Provider-specific nuance is normalized away in Extract (e.g. Google's code becomes status_code; AWS Bedrock error codes are mapped to HTTP statuses), so Classify has no provider branching. HTTP status drives classification; status-less errors dispatch on the SDK exception type name. The tests/unit/pipelex/cogt/inference/test_provider_classification_parity.py meta-test walks every ProviderName against the extract-fn registry so adding a new provider without wiring it fails fast.

ProviderErrorMetadata and UserAction

Every raised inference error carries structured SDK metadata and typed advice.

class ProviderErrorMetadata(BaseModel):
    provider: str
    sdk_exception_type: str
    status_code: int | None = None
    request_id: str | None = None
    retry_after_seconds: float | None = None
    provider_error_code: str | None = None
    body: Any | None = Field(default=None, exclude=True)   # may carry secrets

body is excluded from serialization

The raw provider response body can carry account ids, billing details, or credential fragments. It is held in-process but excluded from every serialized form — CLI JSON, agent output, Temporal details.

UserAction pairs a discrete UserActionKind (WAIT_AND_RETRY, CHECK_BILLING, CHECK_CREDENTIALS, CHANGE_INPUT, CHANGE_MODEL, CONTACT_SUPPORT, UNKNOWN) with a free-form detail string — so the CLI can render consistent guidance while keeping provider-specific text.

The instructor Unwrap

On structured-generation paths, instructor wraps the real SDK exception in an InstructorRetryException. extract_underlying_sdk_exception() recovers it, so it routes through the same per-provider categorization as the plain-text path. A genuinely unrecognized inner exception (e.g. a pydantic.ValidationError from a schema mismatch) lands in UNKNOWN rather than being mis-labelled as a CONTENT-policy violation.
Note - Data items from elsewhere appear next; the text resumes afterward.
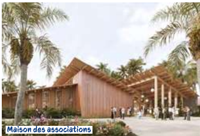
Maison des associations
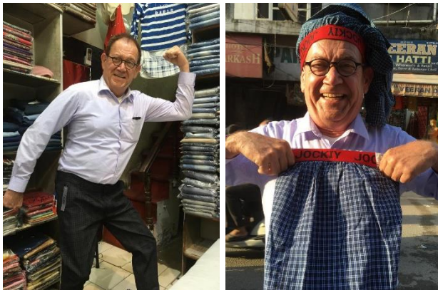
Foto 79 en 80 kleding kopen op de markt in Ambala
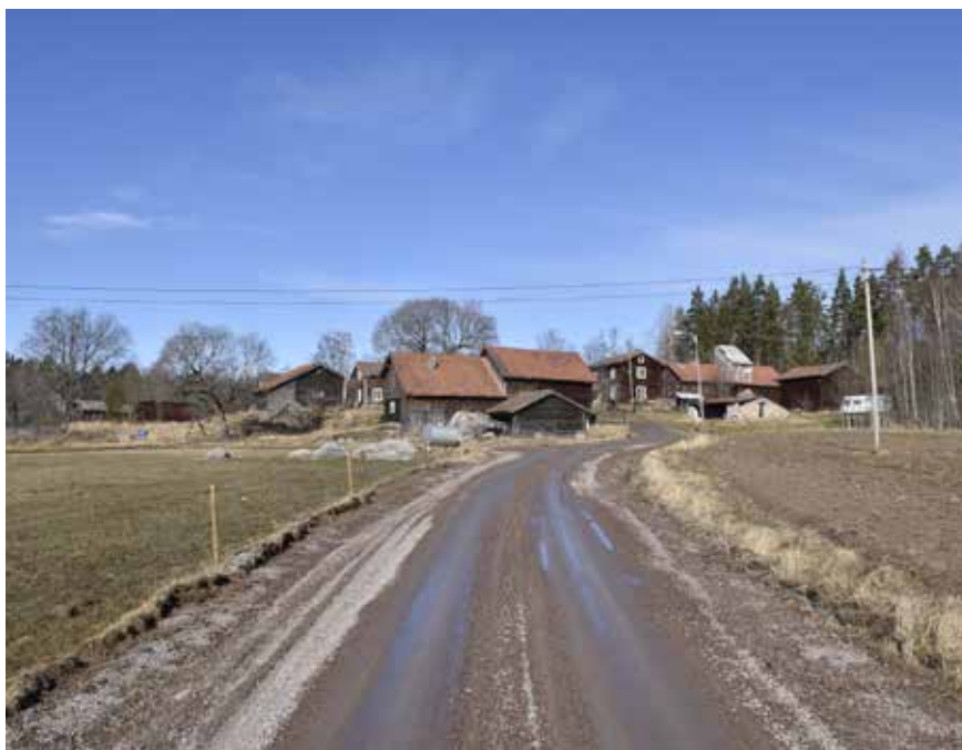
Gårdsklungan Resargårdarna med två tätt bebyggda och omfattande gårdar. Bebyggelsen är belägen på en höjd i landskapet - en hol. Djura 1:6 och 1:13.
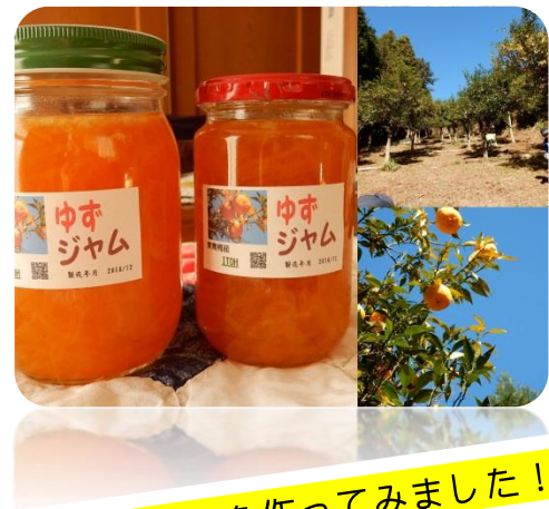
早速、ゆずジャムを作ってみました！
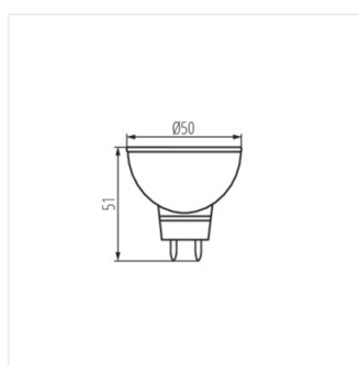
TOMI LED 5W MR16
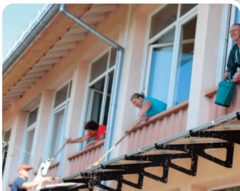
Nettoyage des panneaux photovoltaïques de l'école du Centre.
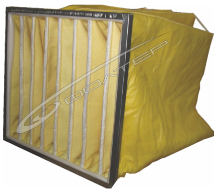
Рис.1. Фильтр ИФК

Фильтры типа ИФК предназначены для очистки приточного и рециркуляционного воздуха в системах вентиляции и кондиционирования от газообразных и паровых загрязнений кислой и основной природы. Фильтры с анионообменным материалом МИОН АК-22 предназначены для очистки воздуха от кислых газов и паров: диоксида серы, фтористого водорода, хлористого водорода, бромистого водорода, диоксида азота, молекулярного хлора, брома,
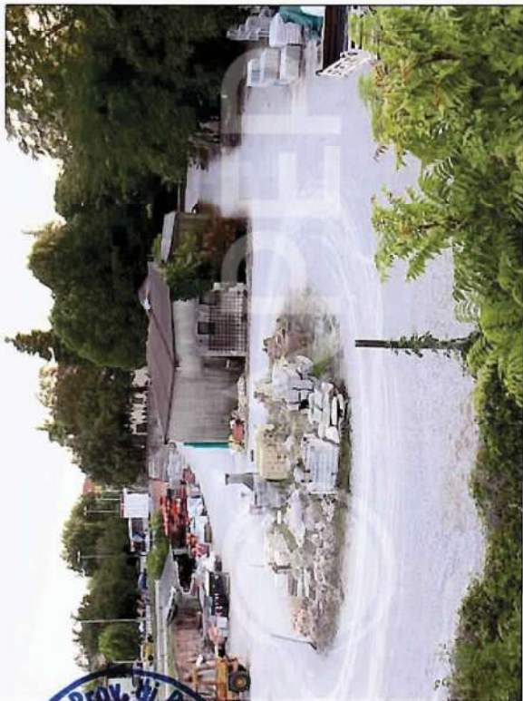
42 – Vista da NordEst area Deposito commerciale

Model and Provider Attribution

Inference-failure leaf errors (LLMCompletionError, ImgGenGenerationError, …) are raised deep inside a plugin and do not know which model handle invoked them. Each worker family fills that in at its public-method chokepoint:

def fill_model_and_provider(self, model_handle: str | None, backend_name: str | None) -> None:
    """Fill model_handle / backend_name from the worker, only when still unset."""

Cause-Chain Enrichment

A wrapper exception — PipeRunErrorPipeRouterErrorPipelineExecutionError — carries no error_category of its own. to_error_report() enriches the report from the __cause__ chain, so the inference classification survives every wrapping layer.

def _enrich_error_report_from_cause(self, report: ErrorReport) -> ErrorReport:
    cause = self.__cause__
    if not isinstance(cause, PipelexError):
        return report
    cause_report = cause.to_error_report()
    return ErrorReport(
        error_type=report.error_type,                                  # keep own identity
        message=report.message,
        error_category=report.error_category or cause_report.error_category,
        error_domain=report.error_domain or cause_report.error_domain,
        # ... retryable, user_action, model, provider, provider_metadata ...
    )

A wrapper keeps its own error_type and message but inherits every classification field it does not set itself.

Overrides must call the enrichment helper

A to_error_report() override on a subclass must end with self._enrich_error_report_from_cause(report). Otherwise that subclass becomes a black hole that drops the cause's classification. A cyclic-__cause__ guard ensures a malformed chain can never turn error reporting into a RecursionError.


The Temporal Error Bridge

When a pipe runs on a Temporal worker, the error must survive serialization across the activity → workflow → submitter boundary. Temporal's default failure converter would wrap a raw PipelexError without packing the ErrorReport or deriving the retry decision. The bridge closes that gap.

Activity Side — convert_pipelex_errors

A decorator applied beneath @activity.defn on every in-scope activity converts a PipelexError into a TemporalError.

@activity.defn
@convert_pipelex_errors
async def act_llm_gen_text(llm_assignment: LLMAssignment) -> str:
    return await llm_gen_text(llm_assignment=llm_assignment)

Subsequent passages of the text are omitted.